Till it was whetted on thy stone-hard heart,
To revel in the entrails of my lambs.
King Richard III, iv, 4.

It could be stated in one sentence that Richard Bame was tried at the Old Bailey for felony, found guilty, and hung at Tyburn; but what pictures would that present of the tragedy? The session-hall of the old court and the straggling road to Tyburn would be less to the mind than the substance of the vaguest dream; and he, who endeavored to cover with eternal infamy our eldest and greatest master of the drama, would steal away like a thief in the night, unnoticed and soon forgotten. It is not my purpose to close the chapter of the miscreant’s life in so summary a manner.

While from the window of the oratory, Marlowe had seen the church consumed to ashes no news of the arrest and impending trial of Bame had reached his ears. It was during the progress of the conflagration that he had told Tamworth of the startling events of the night, and the recital had greatly disturbed the lawyer. He saw in the fact of Bame’s recognition of his friend, a menace against the safety of Marlowe, for the prying Bame might endeavor to unravel the mystery concerning the burial of the dramatist and his later appearance in bodily form. This apprehension, however, was soon quieted. Tamworth learned of Bame’s arrest, and then that he was about to be brought to trial.

All this information was sedulously kept from Marlowe, for Tamworth knew not what Marlowe might do to save the accused, not that his hatred had abated, but he might have scruples against one being hung for an offense of which one was innocent. In the mind of the lawyer, Bame deserved the severest punishment known in the law for his false charges against the dramatist. Marlowe could do nothing except with peril to his own safety. He could swear that Bame was not in the church for any unlawful purpose, but to appear as a witness would be to deliver his own body into the hands of the executioner. The disclosure was, therefore, delayed until some time after the fatal day of December 6th, 1594.

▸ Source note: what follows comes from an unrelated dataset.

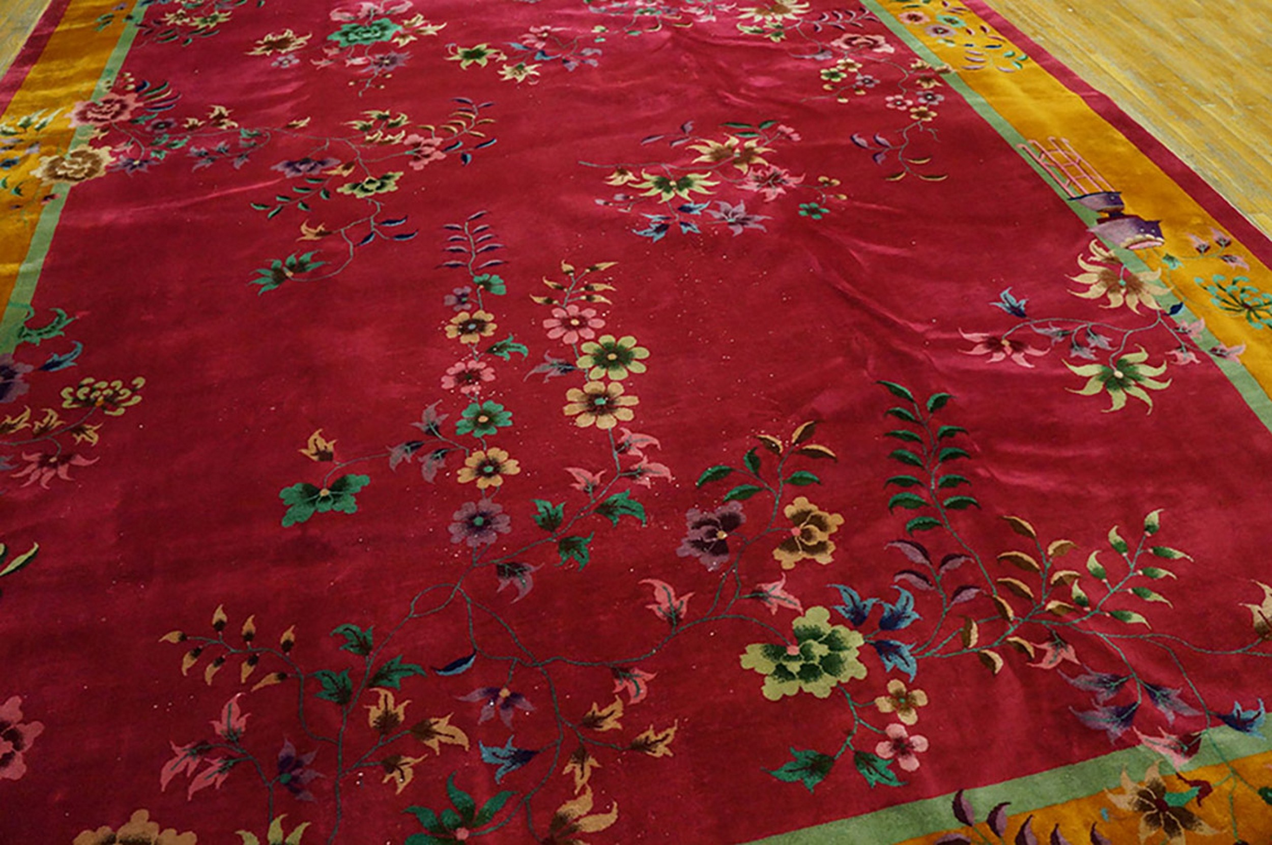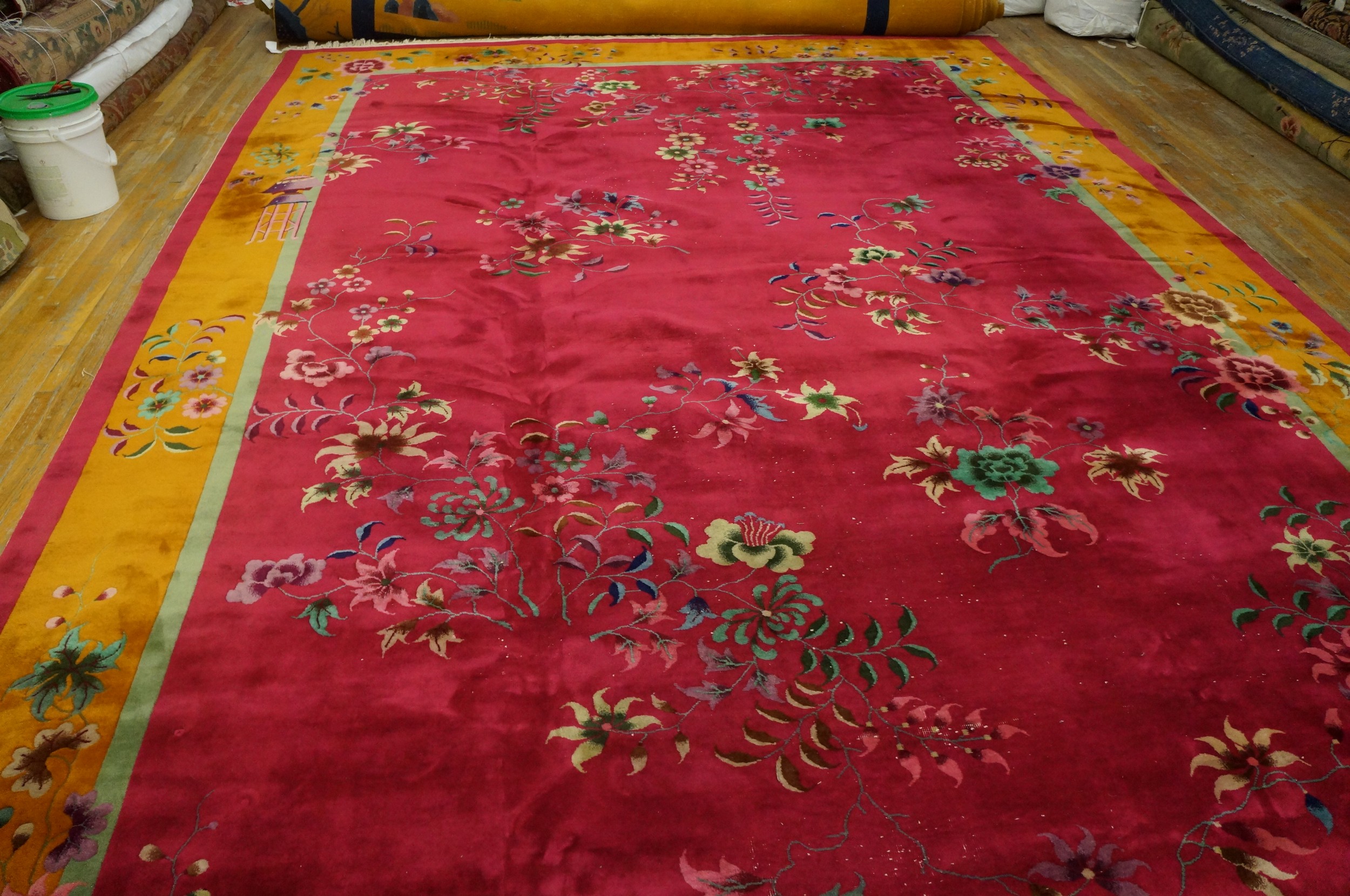 Antique Wool Hand Knotted Pile Red / Rust 1920s Rug, Circa Date: 1920s. This exceptional Chinese Art Deco piece captures the dramatic aesthetic of the early 20th century. Hand-knotted from luxurious wool, the rug features a highly saturated field in a deep wine rust red color rugs, perfectly contrasting with the broad, luminous saffron border.

It was at one of the sessions of the Old Bailey, during a time when human life was at the lowest estimate it ever reached in England, that Richard Bame was brought to trial for the burglary of the church of St. Olave. Pento and Badly, two of the arrested robbers, had preceded him in the dock, and having been found guilty of the same crime of which he was accused, had received the death sentence. In anticipation of the coming of the Brownist, the gallery which projected from one side of the square hall, was filled. The lower benches were also occupied, and here and there amid the forms of the ordinary lookers-on, could be seen gray-coated Puritans. Their numbers excited comment, and it began to be whispered that the man to be tried was one of the dissenters. Some of them were there to testify to his previous good character, others were there from curiosity. Bame was well known among the congregations from the Tribulation of Tower Hill and the Lime House, not particularly as a shining example of devotion, but as a tireless worker for their interests. It was a grave question whether the fire of persecution that burned within him was kept alive by wild and extravagant notions of what man’s duties were to God, or whether he was simply a tool in the hands of some strong and unscrupulous man who had private wrongs to redress. He was blind and emotional enough for a fanatic, but while he expended this frenzy upon apostates and non-observers in the lower ranks of life, his small courage appeared unequal for an attack upon those capable of defense. So, when the attack upon Marlowe was known, the belief arose that he was being prompted and upheld by some one high in authority [[note 38]]. The truth of the matter can never be known. However, Bame conducted himself upon his trial like one who had friends powerful enough to hold the wheels of the prosecution. This conduct may have arisen from his innocence of the charge on which he was tried.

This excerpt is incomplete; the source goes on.